Marcos 3 é o terceiro capítulo do Evangelho de Marcos no Novo Testamento da Bíblia. Ele continua o relato iniciado no capítulo anterior sobre a observância do descanso no sabá. Depois de terminar de convocar os doze apóstolos, Jesus novamente discute com os escribas e até mesmo com sua própria família.

Jesus pregando no Mar da Galileia, um dos episódios de Marcos 3.
Século XVII. Atribuído a Gerbrand van den Eeckhout.

Curas editar

 Mais informações: Milagres de Jesus

Continuando o tema de Marcos 2, o capítulo três começa com Jesus curando um homem com a mão atrofiada num sabá dentro de uma sinagoga. Marcos utiliza o advérbio "palin" ("de novo", "novamente"), indicando que esta é a mesma de Marcos 1, em Cafarnaum[1]. De acordo com ele, "algumas" pessoas estavam ali especificamente esperando para ver se Jesus curaria alguém no sabá para que pudessem acusá-lo de violar o descanso deliberadamente. Rabis da época permitiam curas durante o sabá apenas se a pessoas estivesse em perigo de morte, o que uma mão atrofiada claramente não configurava[1][2].
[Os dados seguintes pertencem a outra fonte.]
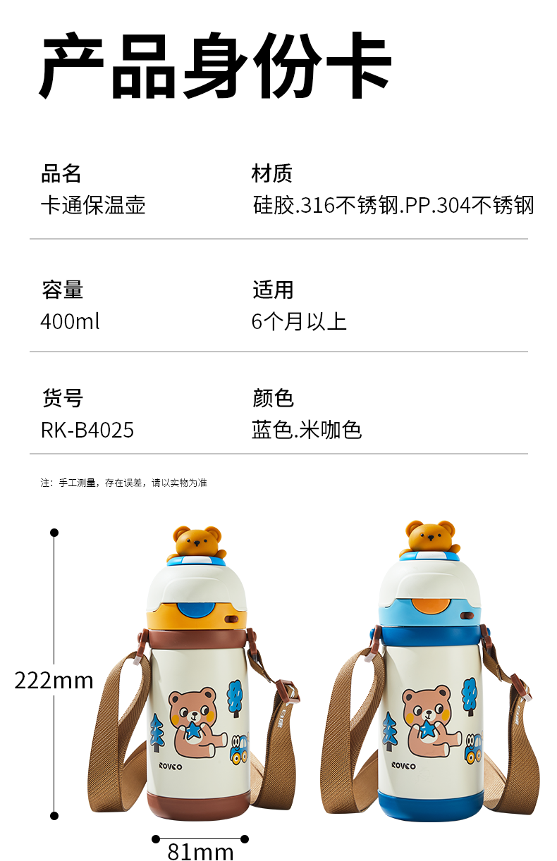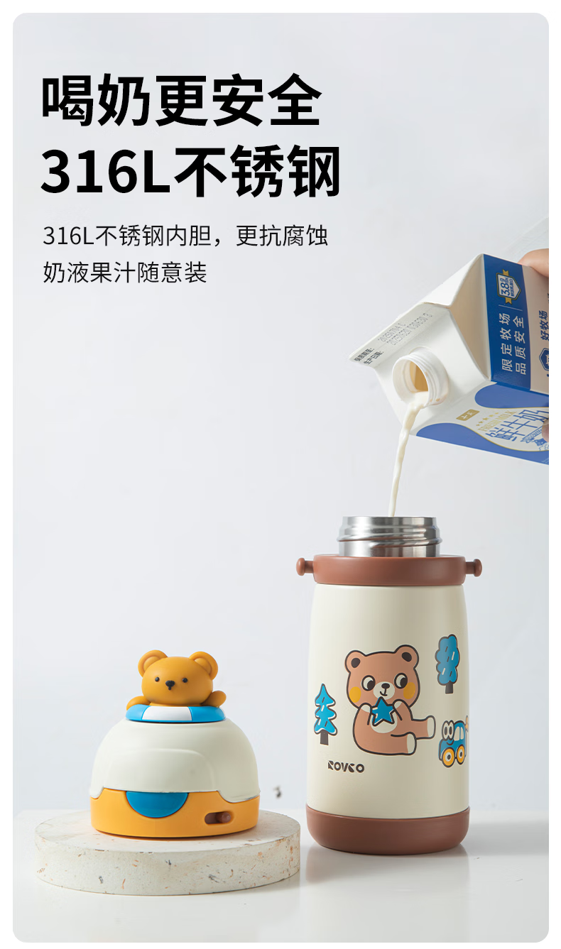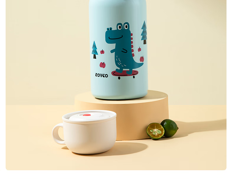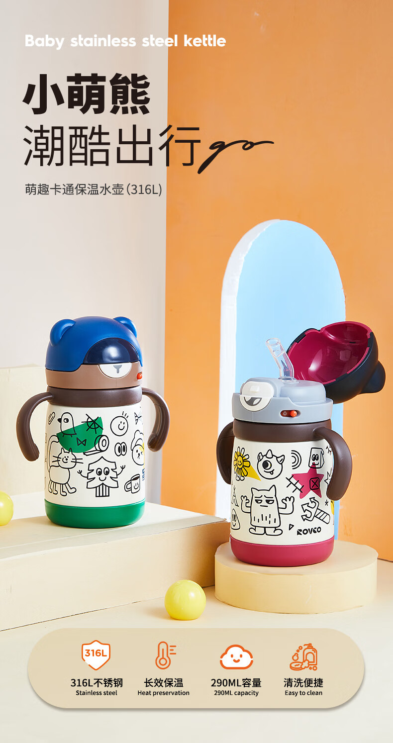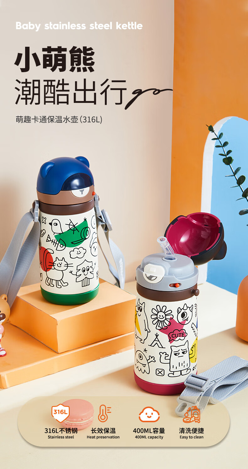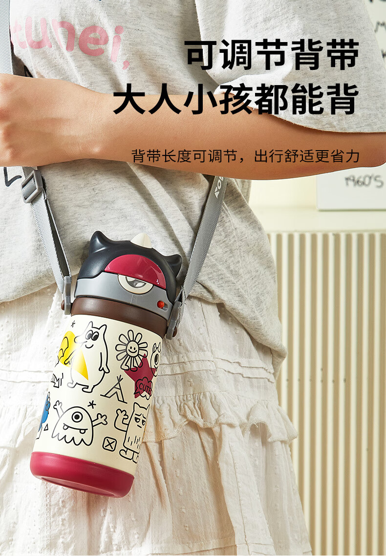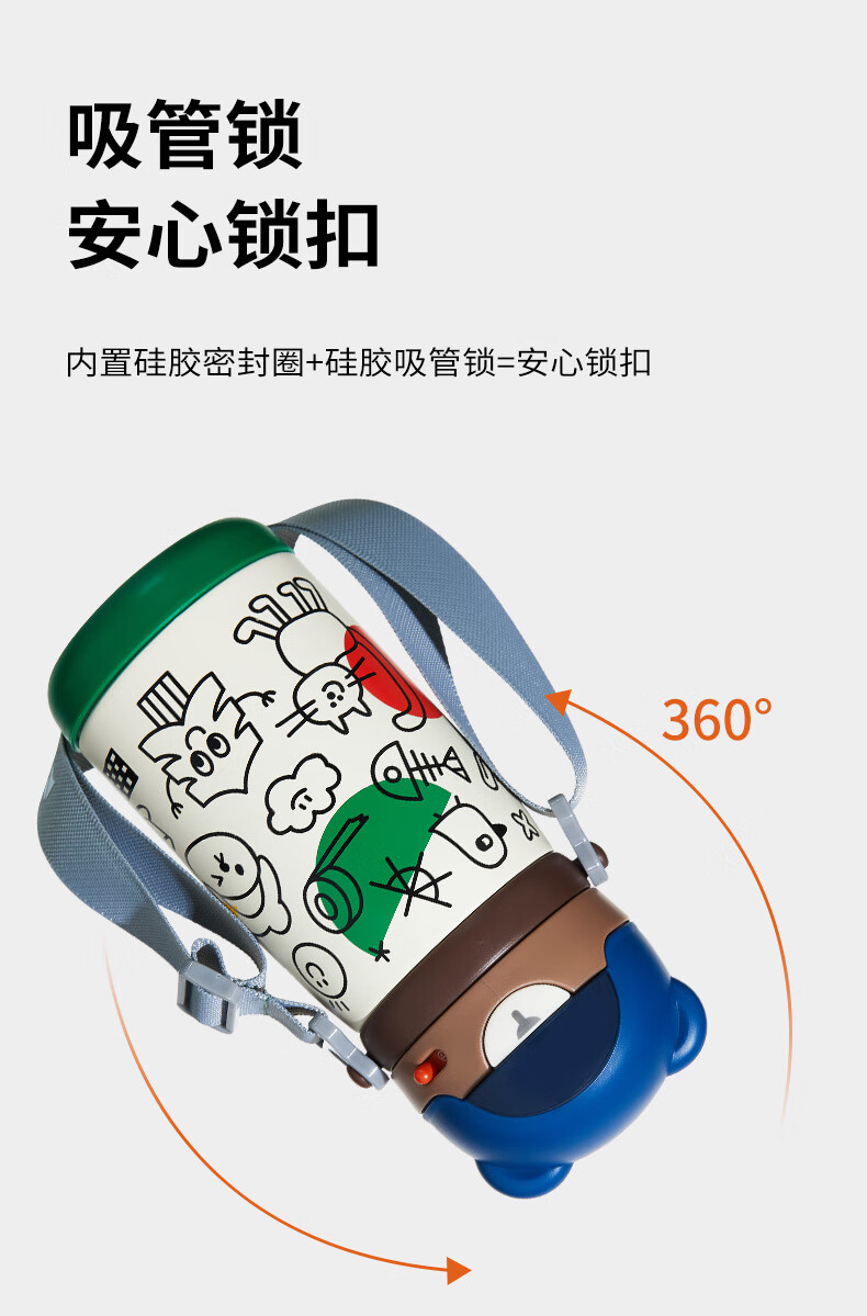 日康(rikang)保温杯 儿童水杯316不锈钢学生杯幼儿园上学专用水杯 【一杯双盖+杯套】B4026蓝色 550ml

Jesus então pergunta: «É lícito nos sábados fazer o bem ou o mal, salvar a vida ou tirá-la?» (Marcos 3:4) Ninguém responde na multidão e, "indignado", pede ao homem que estenda a mão para que seja curado. Geralmente, histórias de cura envolvem algum tipo de artifício ou ritual para realizá-la, mas Jesus o faz instantaneamente e, pelo relato, sem esforço algum[3]. É possível que Marcos estivesse tentando demonstrar o quão poderoso ele acreditava que eram os poderes de Jesus[3]. O mais importante neste episódio é que Jesus iguala "não fazer o bem" com "fazer o mal" e diz que é mais importante não deixar o mal e o sofrimento ocorreram pela omissão[4].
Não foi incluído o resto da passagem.